GIVEN DATA
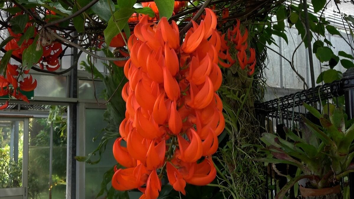 オウムカズラはツル性植物の和名で、オレンジ色の花がオウムの羽を連想させることに由来しています。20年前に寄贈されて以来、ツルは20メートル以上になり、この冬は80房以上のオレンジ色の花が満開になっています。
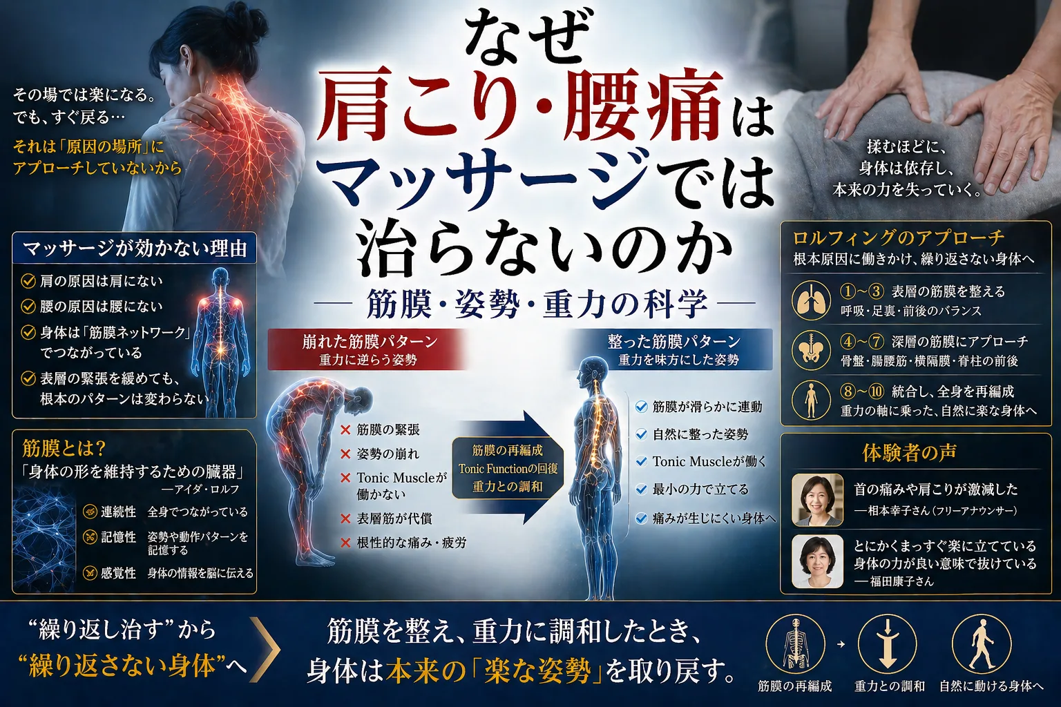 肩こりや腰痛を「繰り返し治す」のではなく、「繰り返さない身体を作る」——これがロルフィングの根本的な違いだ。
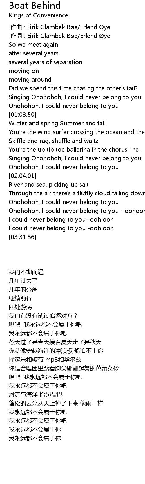 | 歌曲 | Boat Behind |
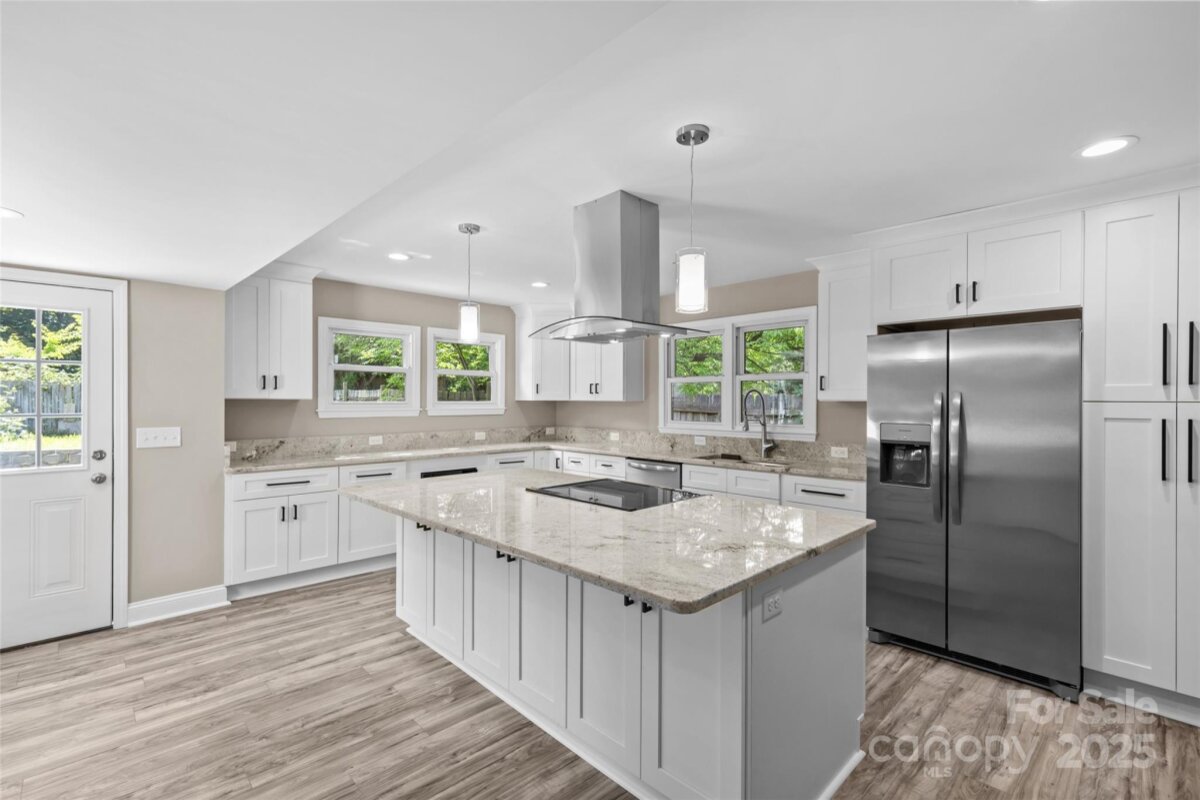 Completely reimagined from the ground up, this stunning 3 bed / 2 bath ranch offers the charm of 1934 with all the comforts of today. Fully remodeled inside and out, the home features a new roof, HVAC, luxury vinyl flooring, custom trim, and all-new sheetrock. The gourmet kitchen boasts a large island, stainless steel appliances, and an under-counter microwave. The master suite includes a walk-in closet with custom shelving and a designer tile-and-glass shower. Enjoy peaceful privacy in the spacious backyard with no HOA or restrictions. A charming front porch with brick columns invites you to relax in a rocking chair. The half-moon driveway offers safe, convenient access off a busy road. Located just minutes from the interstate and Concord’s best retail and dining. This is your chance to own a like-new home filled with timeless character.
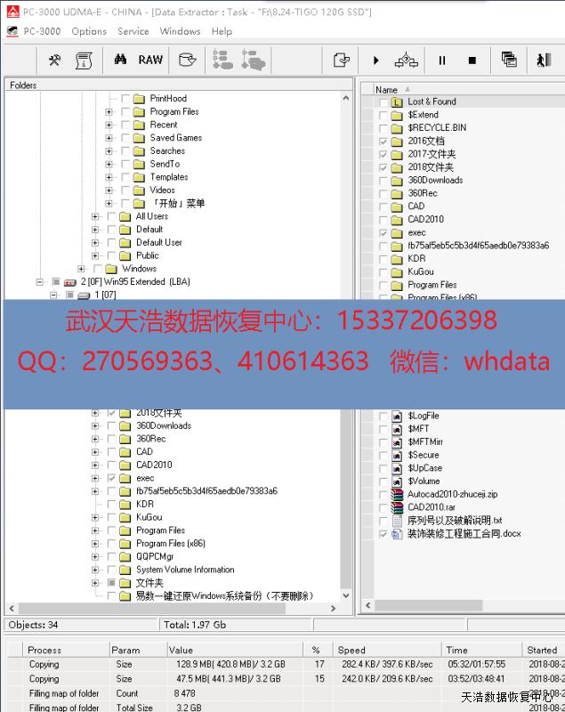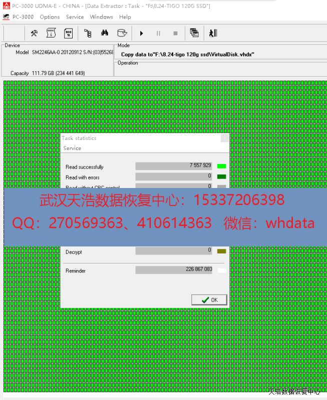 解决方案:收到硬盘后,使用专业的SSD恢复工具ACE PC3000 SSD,处理固件问题,虚拟重建编译器,用PC3000 DE虚拟镜像,成功恢复客户公司的大部分工作资料。
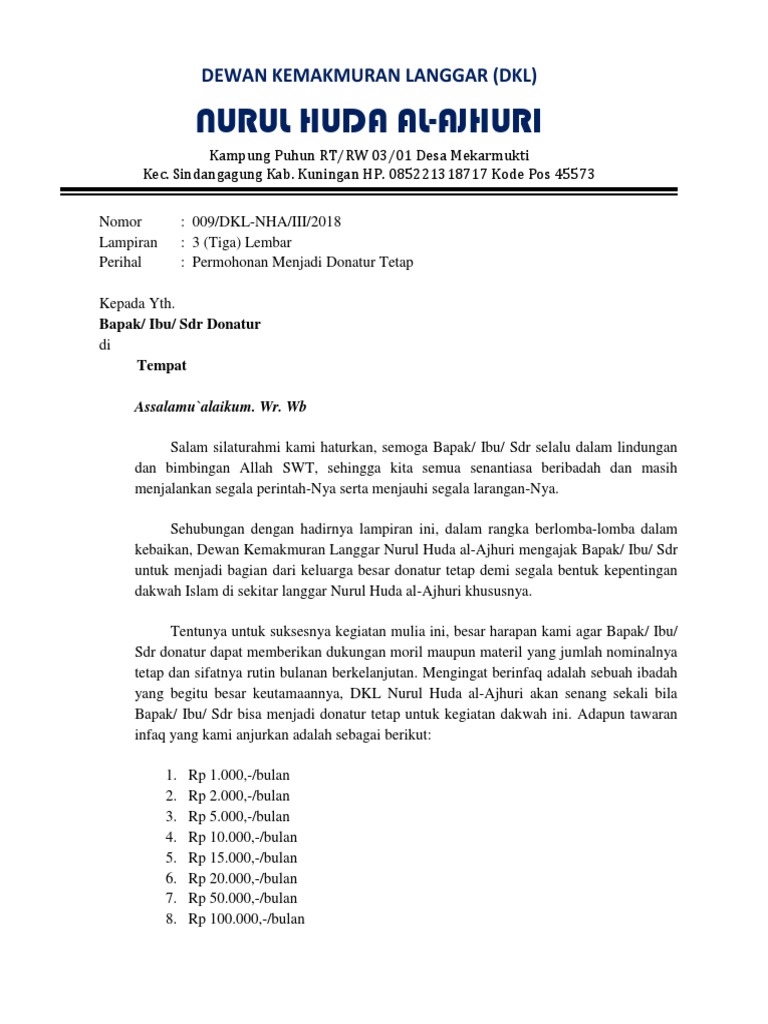 Atau bisa juga dikatakan orang tersebut sebagai penyumbang tetap. Selanjutnya kami sebagai keluarga besar pondok pesantren miftahul huda iii bermaksud untuk mengajukan permohonan untuk menjadi donatur tetap pondok pesantren miftahul huda iiidikarenakan kami merasa bahwa pentingnya kerjasama antara pihak pesantren dengan berbagai kalangan masyarakat untuk memajukan syar agama islam yang kita cintaidana yang tersimpan insya alloh akan dialokasikan untuk. Contoh surat donatur tetap have a graphic associated with the othercontoh surat donatur tetap in addition it will include a picture of a sort that may be observed in the gallery of contoh surat donatur tetap. 15 contoh surat permohonan dana paling lengkap aktivitas surat menyurat dalam lembaga atau organisasi tentunya tidak bisa ditinggalkan. Surat juga menunjukkan penghormatan kepada orang yang ditujukan. Contoh formulir donatur tetap.

WHAT YOU NEED TO DO
Transcribe all of the material exactly, leaving out whatever pictures it contains.

EXERCISE RESULT
 オウムカズラはツル性植物の和名で、オレンジ色の花がオウムの羽を連想させることに由来しています。20年前に寄贈されて以来、ツルは20メートル以上になり、この冬は80房以上のオレンジ色の花が満開になっています。
 肩こりや腰痛を「繰り返し治す」のではなく、「繰り返さない身体を作る」——これがロルフィングの根本的な違いだ。
 | 歌曲 | Boat Behind |
 Completely reimagined from the ground up, this stunning 3 bed / 2 bath ranch offers the charm of 1934 with all the comforts of today. Fully remodeled inside and out, the home features a new roof, HVAC, luxury vinyl flooring, custom trim, and all-new sheetrock. The gourmet kitchen boasts a large island, stainless steel appliances, and an under-counter microwave. The master suite includes a walk-in closet with custom shelving and a designer tile-and-glass shower. Enjoy peaceful privacy in the spacious backyard with no HOA or restrictions. A charming front porch with brick columns invites you to relax in a rocking chair. The half-moon driveway offers safe, convenient access off a busy road. Located just minutes from the interstate and Concord’s best retail and dining. This is your chance to own a like-new home filled with timeless character.
 解决方案:收到硬盘后,使用专业的SSD恢复工具ACE PC3000 SSD,处理固件问题,虚拟重建编译器,用PC3000 DE虚拟镜像,成功恢复客户公司的大部分工作资料。
 Atau bisa juga dikatakan orang tersebut sebagai penyumbang tetap. Selanjutnya kami sebagai keluarga besar pondok pesantren miftahul huda iii bermaksud untuk mengajukan permohonan untuk menjadi donatur tetap pondok pesantren miftahul huda iiidikarenakan kami merasa bahwa pentingnya kerjasama antara pihak pesantren dengan berbagai kalangan masyarakat untuk memajukan syar agama islam yang kita cintaidana yang tersimpan insya alloh akan dialokasikan untuk. Contoh surat donatur tetap have a graphic associated with the othercontoh surat donatur tetap in addition it will include a picture of a sort that may be observed in the gallery of contoh surat donatur tetap. 15 contoh surat permohonan dana paling lengkap aktivitas surat menyurat dalam lembaga atau organisasi tentunya tidak bisa ditinggalkan. Surat juga menunjukkan penghormatan kepada orang yang ditujukan. Contoh formulir donatur tetap.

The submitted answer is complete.